He has also performed a song for the original soundtrack CD for the "Where in the World is Carmen San Diego?" television series, though this track was commissioned for the CD and never used in any other context.

== Visual and multi-media art ==

=== Filmstrips ===
Brian Dewan's series of I Can See filmstrips use the technology of the educational filmstrips from the mid-twentieth century as a point of departure for imaginative personal invention.

Each panel features one of Dewan's fanciful drawings, usually rendered in magic marker or watercolor. The images are accompanied by elaborate soundtracks in which Dewan is heard, adopting a deadpan narrator's voice, and playing various musical instruments to create a different miniature soundtrack for each panel of the filmstrip.

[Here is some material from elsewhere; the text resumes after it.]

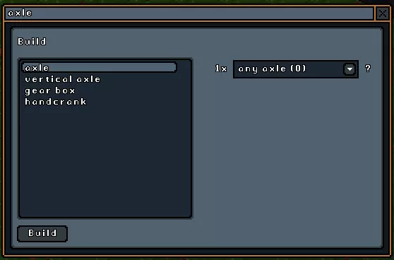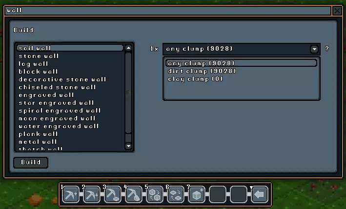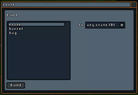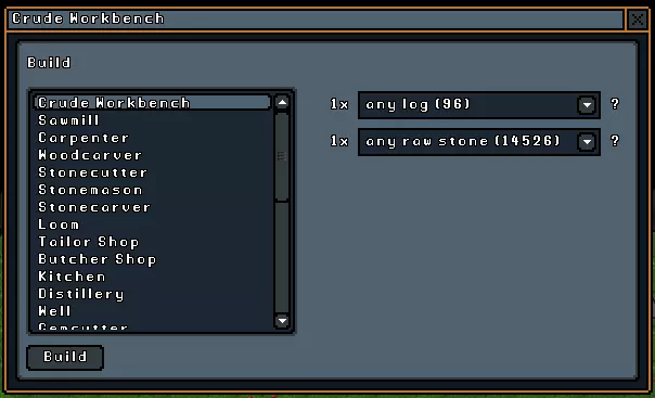 建造 建造子菜单包含你使用地形和农业指令收集的所有原材料来创建物品所需的工具。

When it is time for the projectionist to advance the strip to the next panel, Dewan's voice is typically heard singing "boop" in close imitation of the noise traditionally used for this purpose. The themes of the strips often seem as though they could have been taken from actual educational strips – Grimm's Fairy Tales, Civic Pride, and a short history of the Organ. Biblical stories have all served as conceits for the filmstrips. The strips tend to take many free-associative liberties and are by turns satirical and surreal, often whimsical and sometimes touching on serious themes. "Before the White Man Came" seems as though it might be about colonialism or racism, but the "White Man" of the filmstrip starts to seem more likely to be a folkloric evil spirit, with a charged and ambiguous relationship to racial stereotypes.

In 2003, Dewan created an installation at the Pierogi 2000 Gallery in Brooklyn which transformed the appearance of the gallery into that of an American classroom from an indeterminate bygone era, perhaps from the 1940s. He presented his filmstrips regularly during the course of the month-long exhibition, to audience members seated in old schooldesks.

=== Shrines ===
Dewan has created a series of what he terms "shrines". They are constructed of wood and other materials, such as light bulbs, clocks, photographs and bottles. The best known shrine is the one appearing on the cover of They Might Be Giants' album Lincoln. The shrines range from about one to six feet tall and often evoke New England church architecture with their lean geometrical spires. While the word "shrine" might connote a site created for devotion to a spiritual entity, Dewan's shrines seem to exist not as a conduit for worship, but as playful aesthetic objects.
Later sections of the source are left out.